The Rubus genus includes the Blackberries, Dewberries, and Raspberries. It seems like there ought to be three to maybe ten species here. However, the USDA Plants Database shows that there are 43 species of plants in the Rubus genus in Indiana. Not only that, but when all of the synonyms and subspecies are included, the Plants Database returns 264 records!
Clearly, this is a case of “Taxonomists Gone Wild” or, more specifically, one taxonomist gone wild … Mr. Liberty Hyde Bailey.
L.H. Bailey was an incredible man who lived at the turn of the century 1858-1954. I won’t go into much detail about him, since I would only get it off the internet, so you can take a look here and here.
The bottom line is that he studied the Rubus genus in detail, as well as some others, and as one person put it, “L.H. Bailey never met a Rubus he didn’t like to call a separate species”. The Rubus genus has been split and lumped a hundred different ways.

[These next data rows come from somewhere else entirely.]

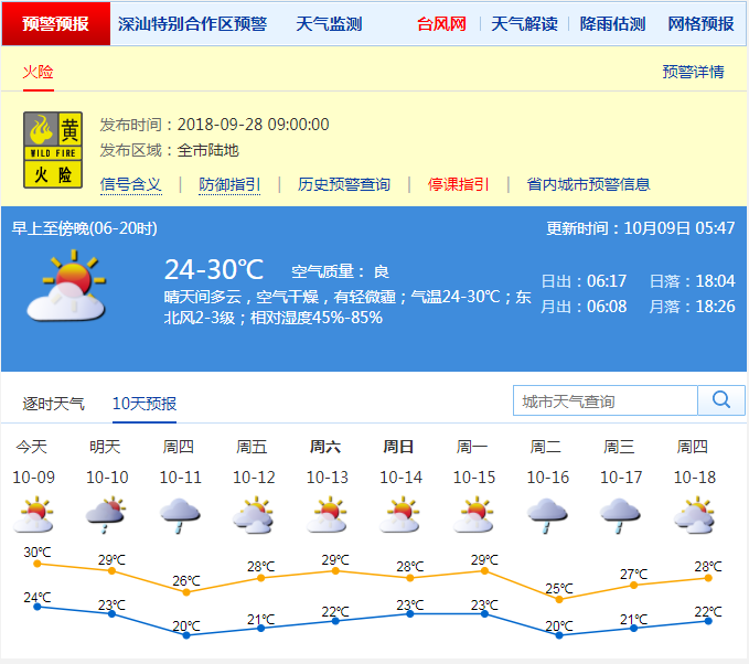 深圳新聞網(wǎng)訊 鵬城昨日持續(xù)晴朗干燥的天氣,局部出現(xiàn)零星小雨。市氣象臺預(yù)測,今日維持晴好天氣,明起受冷空氣影響,偶有小雨,氣溫回落。近來天氣持續(xù)干燥,市民應(yīng)注意防火安全。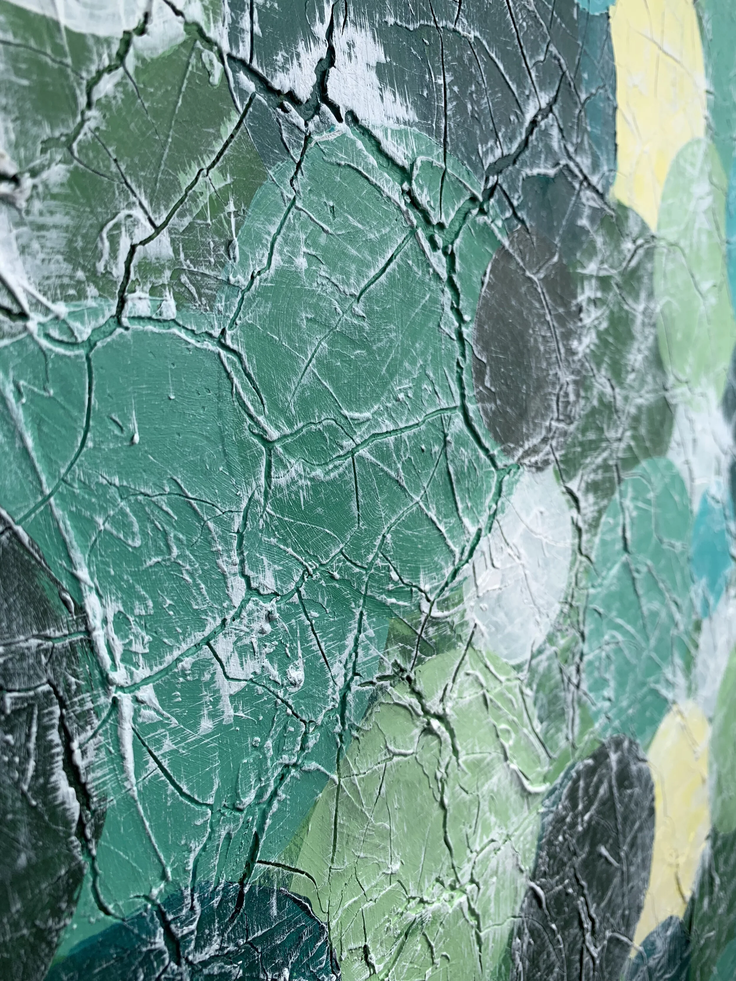 'Spores’ is a 60cm x 60cm abstract composition using blue, green and yellow acrylics over a cracked clay surface.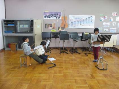 リズムアンサンブルのグループ練習です。リズムの重なりを確かめながら,練習をしています。リズムが合えば,楽器の強弱も工夫しながら,練習していきます。

Even Charles Deam couldn’t sort out the Rubus genus, he sent all of his specimens to L.H for analysis!
So, how to tell them apart? The main categories are Blackberries, Dewberries, and Raspberries.
Raspberry fruits come off their receptacle when picked, if they’re ripe. Yum yum!
Blackberry fruits don’t come off their receptacle, but are still delicious.
Dewberries look like blackberries, but the plants trail along the ground rather than large arching stems. Still quite edible, tastier even that raspberries or blackberries.
So, how did I determine that the plant in the above picture is Black Raspberry (Rubus occidentalis)? I didn’t! I just decided that every raspberry plant I see is Black Raspberry! :-0
I plan on calling every blackberry plant I see an Alleghany Blackberry (Rubus allegheniensis) and every dewberry a Northern Dewberry (Rubus flagellaris). I dare anyone to prove me wrong!